## PROVIDED DATA
-- Opening Marker --

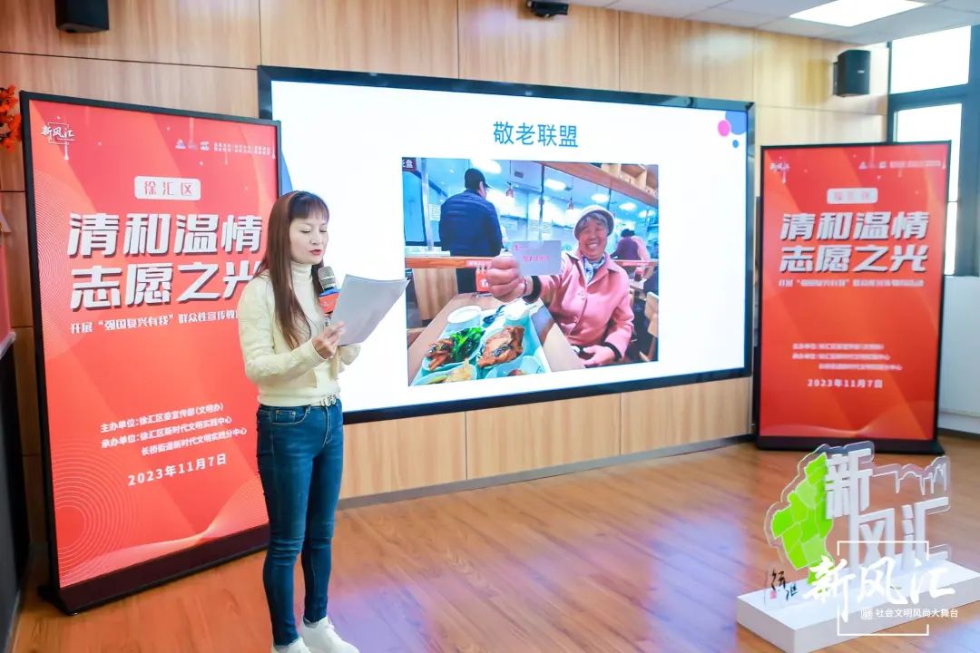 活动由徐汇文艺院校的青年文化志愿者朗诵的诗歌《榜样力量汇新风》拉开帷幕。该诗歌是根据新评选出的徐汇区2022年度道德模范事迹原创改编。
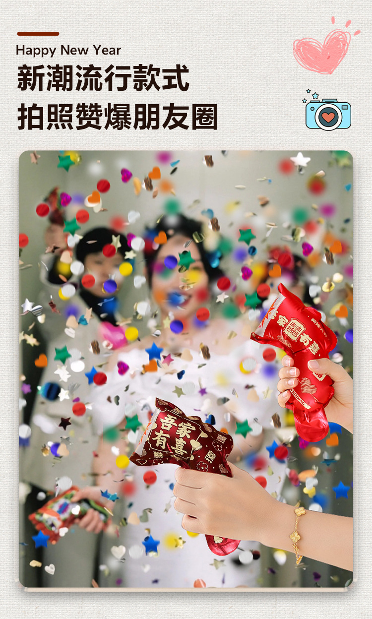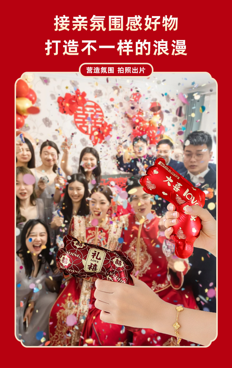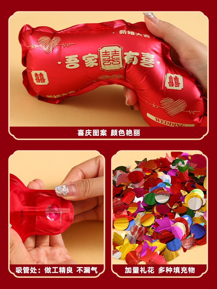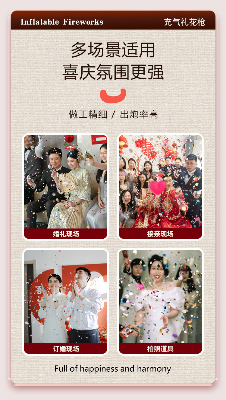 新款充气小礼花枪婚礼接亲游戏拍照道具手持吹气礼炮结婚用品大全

-- Closing Marker --
-- Opening Marker --

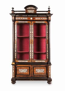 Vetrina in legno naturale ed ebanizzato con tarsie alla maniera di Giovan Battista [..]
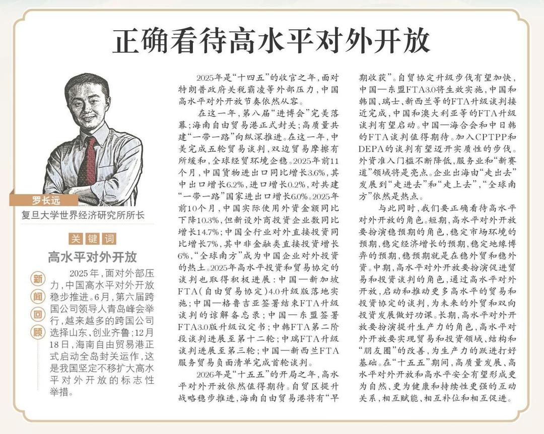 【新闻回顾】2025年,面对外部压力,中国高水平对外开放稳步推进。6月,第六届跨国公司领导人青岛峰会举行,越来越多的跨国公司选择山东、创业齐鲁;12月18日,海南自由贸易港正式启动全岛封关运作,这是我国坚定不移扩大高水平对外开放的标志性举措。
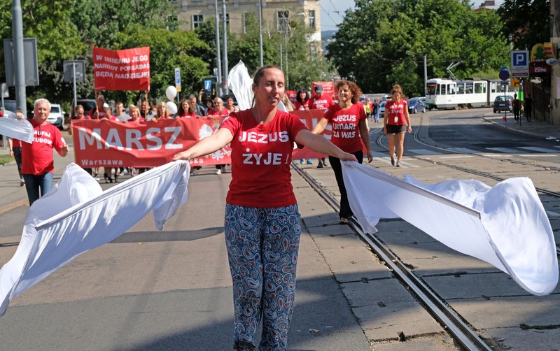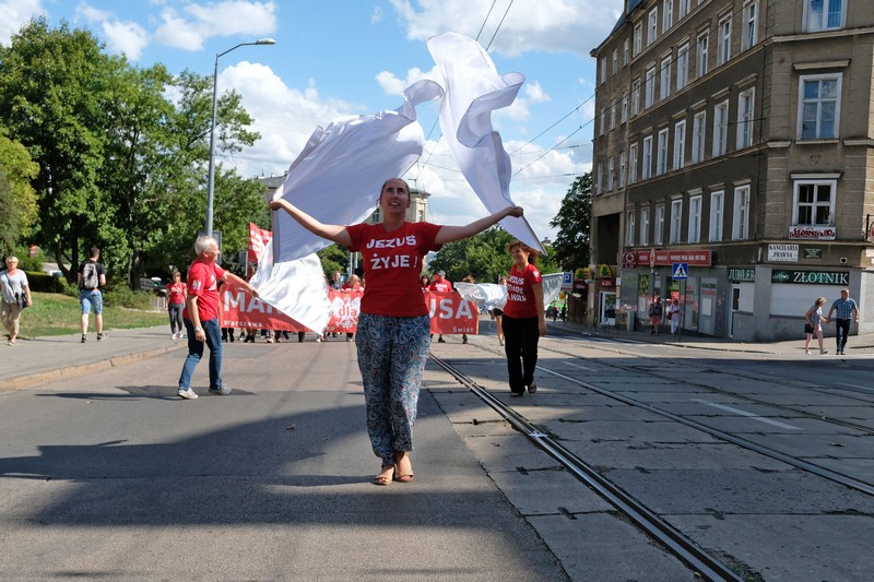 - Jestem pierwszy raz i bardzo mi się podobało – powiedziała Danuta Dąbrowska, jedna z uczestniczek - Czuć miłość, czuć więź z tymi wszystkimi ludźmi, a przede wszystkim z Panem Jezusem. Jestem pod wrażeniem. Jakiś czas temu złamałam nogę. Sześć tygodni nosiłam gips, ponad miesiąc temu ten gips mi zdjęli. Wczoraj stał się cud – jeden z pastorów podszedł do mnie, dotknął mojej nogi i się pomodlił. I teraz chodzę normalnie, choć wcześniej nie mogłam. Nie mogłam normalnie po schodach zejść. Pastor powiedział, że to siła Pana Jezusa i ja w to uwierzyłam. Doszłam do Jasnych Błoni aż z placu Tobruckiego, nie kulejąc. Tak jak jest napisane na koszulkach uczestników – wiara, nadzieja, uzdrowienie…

-- Closing Marker --

## THE TASK
Copy exactly, without pictures, the lines above from the one with "活动由徐汇文艺院校的青年文化" down to the one with "新款充气小礼花枪婚礼接亲游戏拍照道具手持吹气礼炮结婚用品大全", inclusive.

## RESULT OF THIS TASK
 活动由徐汇文艺院校的青年文化志愿者朗诵的诗歌《榜样力量汇新风》拉开帷幕。该诗歌是根据新评选出的徐汇区2022年度道德模范事迹原创改编。
 新款充气小礼花枪婚礼接亲游戏拍照道具手持吹气礼炮结婚用品大全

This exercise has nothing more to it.